[Data entries]
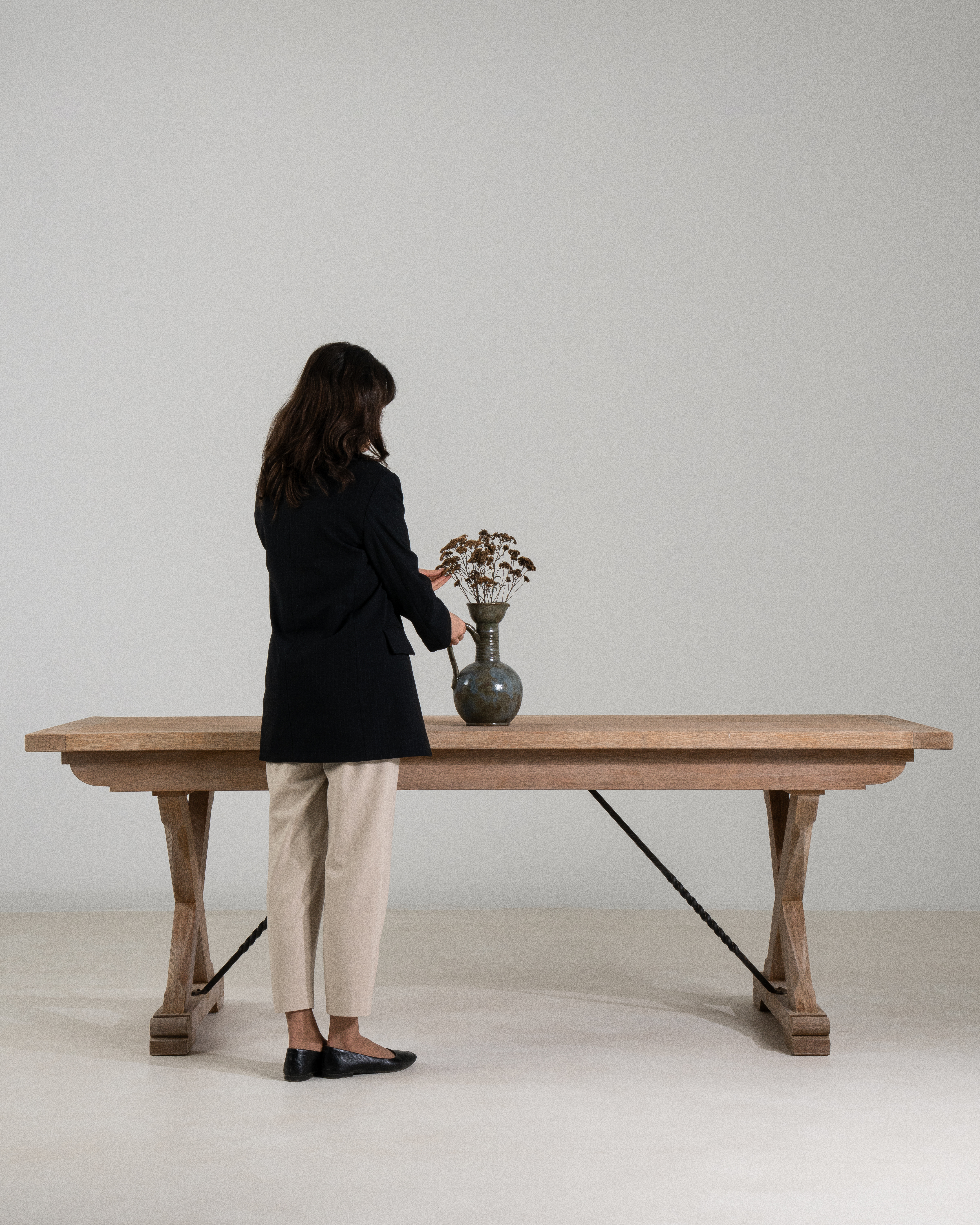 Pinewood Trestle Table with Angular Stretcher Base
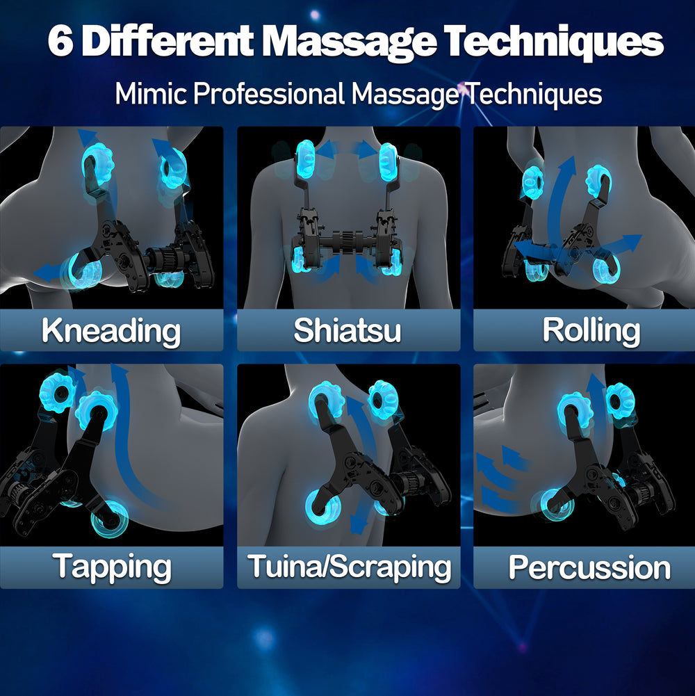 Its 4D upper mechanism delivers deep, precise massage to shoulders, neck, and lower back, while the 3D lower mechanism targets glutes and hips for continuous relief. Together, they create a 1+1>2 dual-action experience, amplifying comfort and leaving your body completely revitalized.
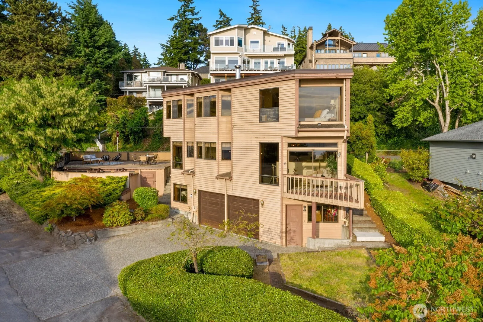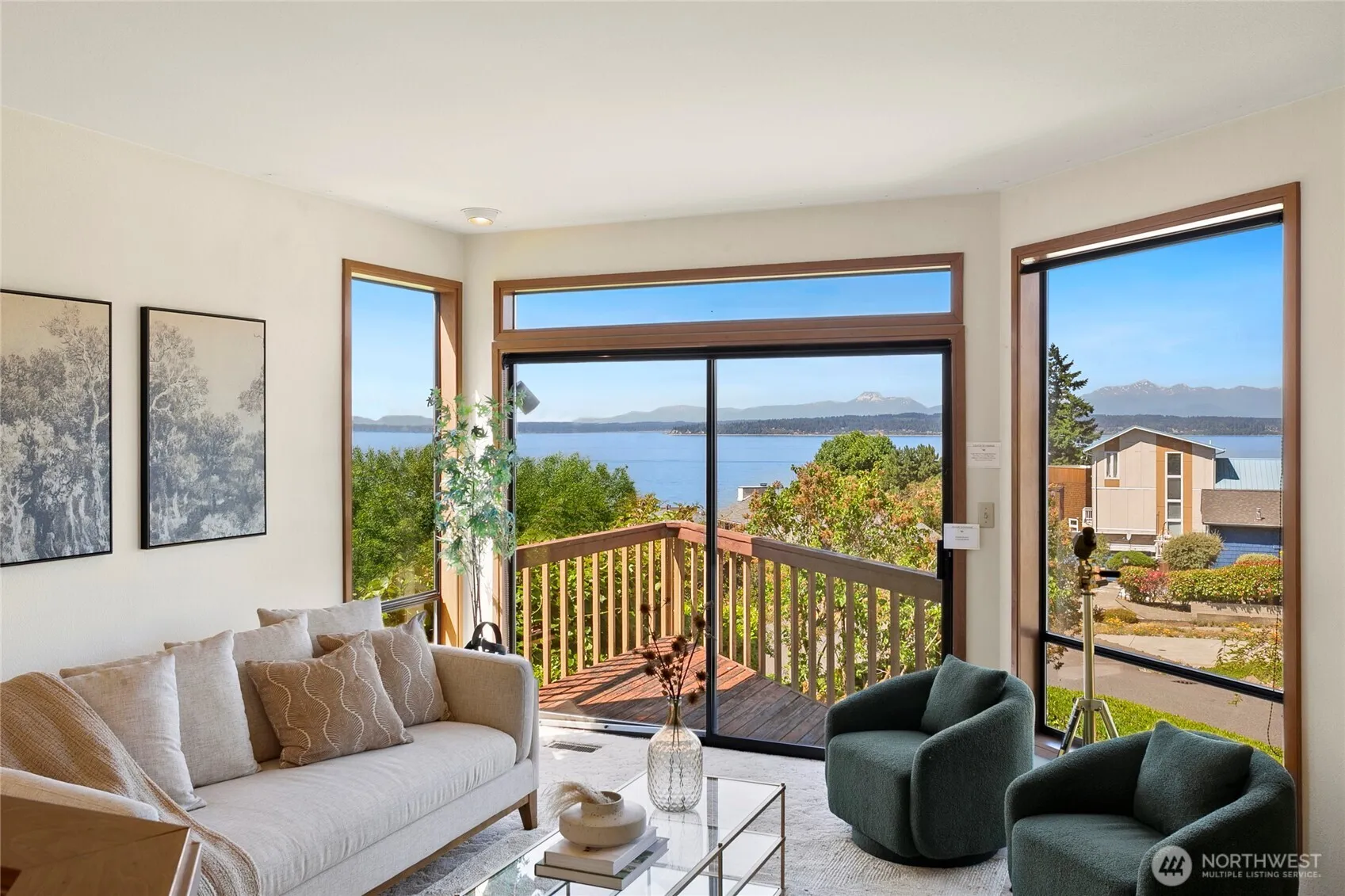 Situated on a quiet street, in a picturesque Richmond Beach neighborhood, enjoy BREATHTAKING SOUND & MOUNTAIN VIEWS from nearly every room of this stunning 3-level home. Main floor features a view kitchen w/ casual dining & den +formal dining & living room w/walls of window, opening to a deck perfect for capturing spectacular sunsets or watching ships go by. Upstairs, the primary suite boasts incredible views & generous closets + 2 add’l bedrooms & full bath w/soaking tub. Lower level offers a flexible 4th bdrm/guest suite/ office w/its own bath. 2 car garage AND 550 sq ft DETACHED shop (wine cellar, workshop, hobbies). Meticulously maintained by single owner- newer systems, full of potential. Views Views Views!
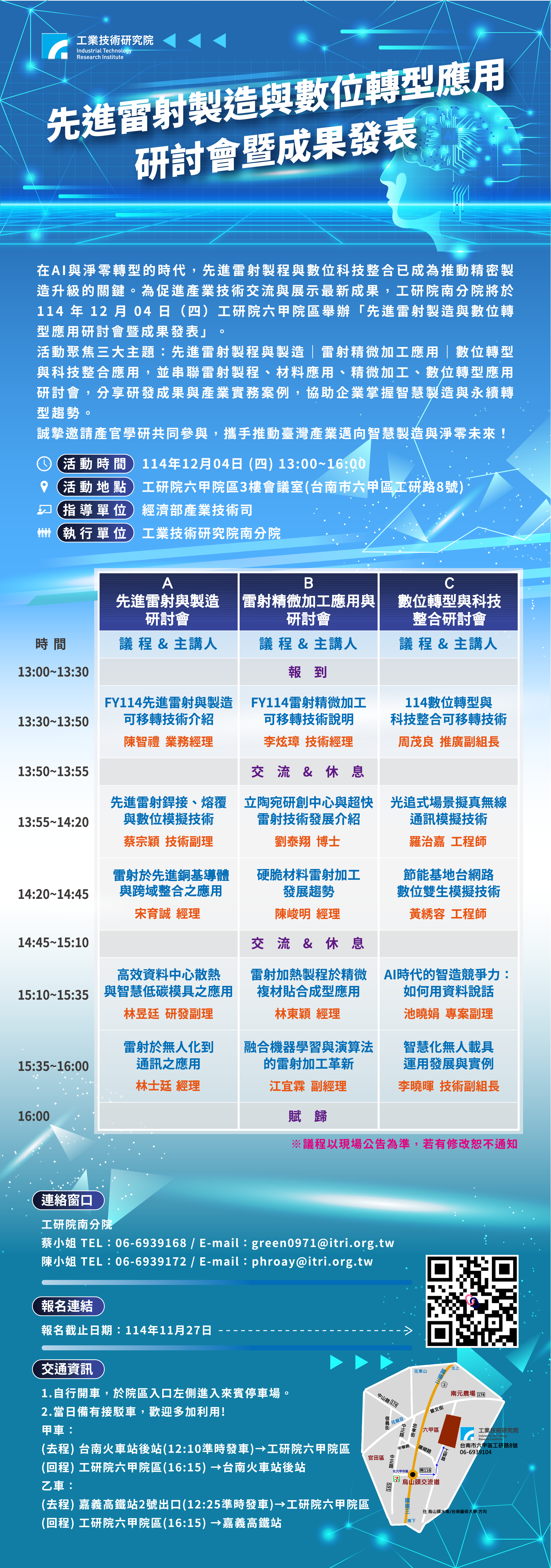 📢 12/4 工研院|先進雷射製造與數位轉型應用研討會暨成果發表
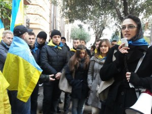 “Vogliamo un paese democratico, abbiamo il diritto di fare delle proposte anche politiche, visti i sacrifici della diaspora che contribuisce all’economia e allo sviluppo del paese. La voglia di ritornare in un paese europeo è grande, per quello chiediamo al presidente Yanukovich di firmare l’accordo di associazione con l’Unione Europea, se non adesso, in futuro, se non questo testo, allora altri. L’Ucraina è l’ago della bilancia tra l’Europa dell’est e quella dell’ovest, noi abbiamo diritto di fare parte dell’UE”, con questa speranza i cittadini ucraini si sono riuniti avvolti nelle bandiere nazionali, parlando al megafono durante il sit-in del 28 novembre in contemporanea alla diaspora di tutto il mondo.
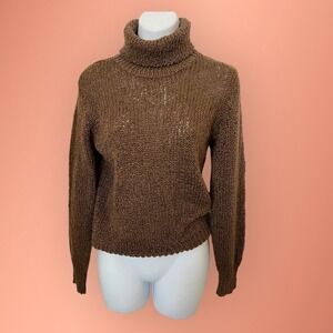 Vintage 100% Virgin Acrylic Fabre Handmade Turtleneck Brown Sweater 4
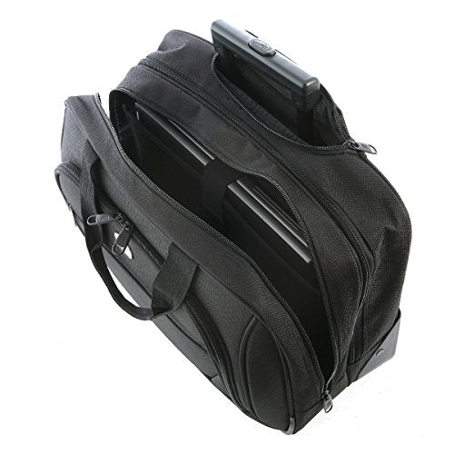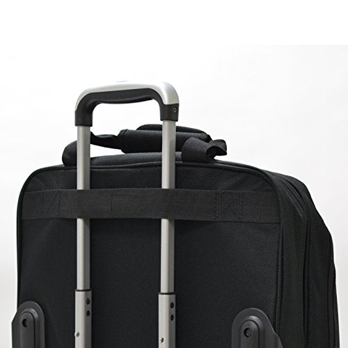 Details: This hybrid deluxe rolling tote with laptop compartment is constructed of polycarbonate with 1680 d, ballistic, corner cut metal ball bearing wheels, hideaway push button retractable handle, heavily padded main laptop compartment, spacious main compartment for maximum packing capacity, multi front pockets, elegantly imprinted full interior lining
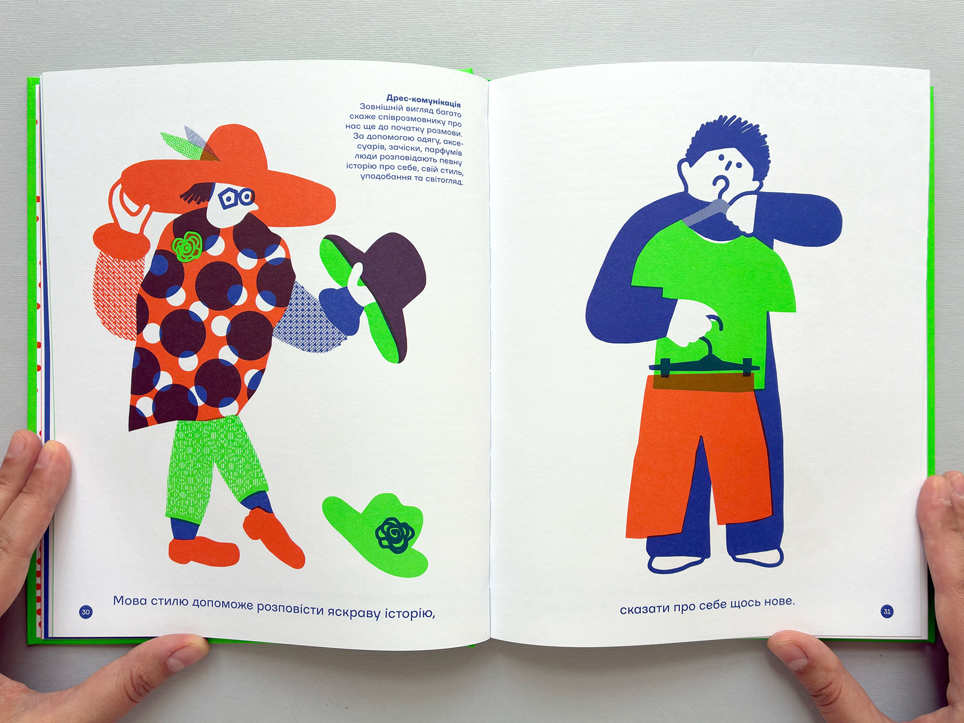 Αφετηρία για το οπτικό μέρος ήταν η αισθητική των σχεδιασμένων οδηγιών, όπου όλα είναι ξεκάθαρα, τα γραφικά έντονα και τα χρώματα έχουν σαφείς λειτουργίες. Σε αυτό το βιβλίο επιλέξαμε τρία χρώματα, με το πράσινο και το κόκκινο-πορτοκαλί να έχουν επιπλέον σημασιολογικό ρόλο: το πράσινο δηλώνει θετικές, επιβεβαιωτικές και χαρούμενες στιγμές επικοινωνίας, ενώ το κόκκινο-πορτοκαλί αρνητικές, απαγορευτικές ή δύσκολες. Μας αρέσει να δουλεύουμε με spot χρώματα PANTONE. Από τη μία, αυτό μας επιτρέπει να περιορίζουμε την παλέτα. Από την άλλη, μοιάζει με παραδοσιακές γραφικές τεχνικές, όπως η λινοτυπία, η ξυλογραφία, η μεταξοτυπία ή η ριζογραφία. Χρησιμοποιούμε εφέ οπτικής ανάμειξης και επικάλυψης χρωμάτων.
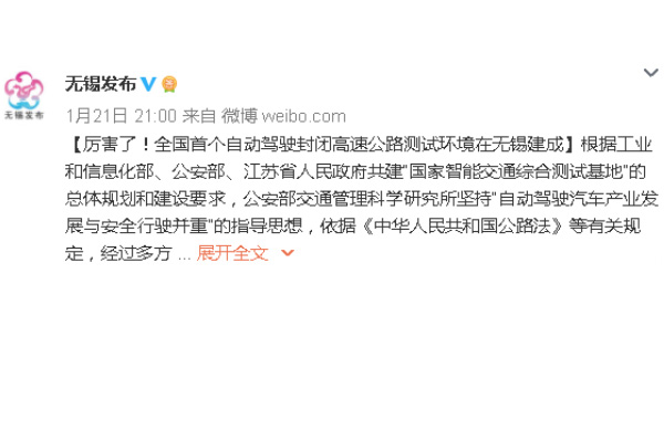 全國首個自動駕駛封閉高速公路測試環境落地無錫

WORK ITEM
Print the lines from the line with "Αφετηρία για το" to the end of the data above. Include both ends, exclude the pictures, and add nothing else.

ANSWER SECTION
 Αφετηρία για το οπτικό μέρος ήταν η αισθητική των σχεδιασμένων οδηγιών, όπου όλα είναι ξεκάθαρα, τα γραφικά έντονα και τα χρώματα έχουν σαφείς λειτουργίες. Σε αυτό το βιβλίο επιλέξαμε τρία χρώματα, με το πράσινο και το κόκκινο-πορτοκαλί να έχουν επιπλέον σημασιολογικό ρόλο: το πράσινο δηλώνει θετικές, επιβεβαιωτικές και χαρούμενες στιγμές επικοινωνίας, ενώ το κόκκινο-πορτοκαλί αρνητικές, απαγορευτικές ή δύσκολες. Μας αρέσει να δουλεύουμε με spot χρώματα PANTONE. Από τη μία, αυτό μας επιτρέπει να περιορίζουμε την παλέτα. Από την άλλη, μοιάζει με παραδοσιακές γραφικές τεχνικές, όπως η λινοτυπία, η ξυλογραφία, η μεταξοτυπία ή η ριζογραφία. Χρησιμοποιούμε εφέ οπτικής ανάμειξης και επικάλυψης χρωμάτων.
 全國首個自動駕駛封閉高速公路測試環境落地無錫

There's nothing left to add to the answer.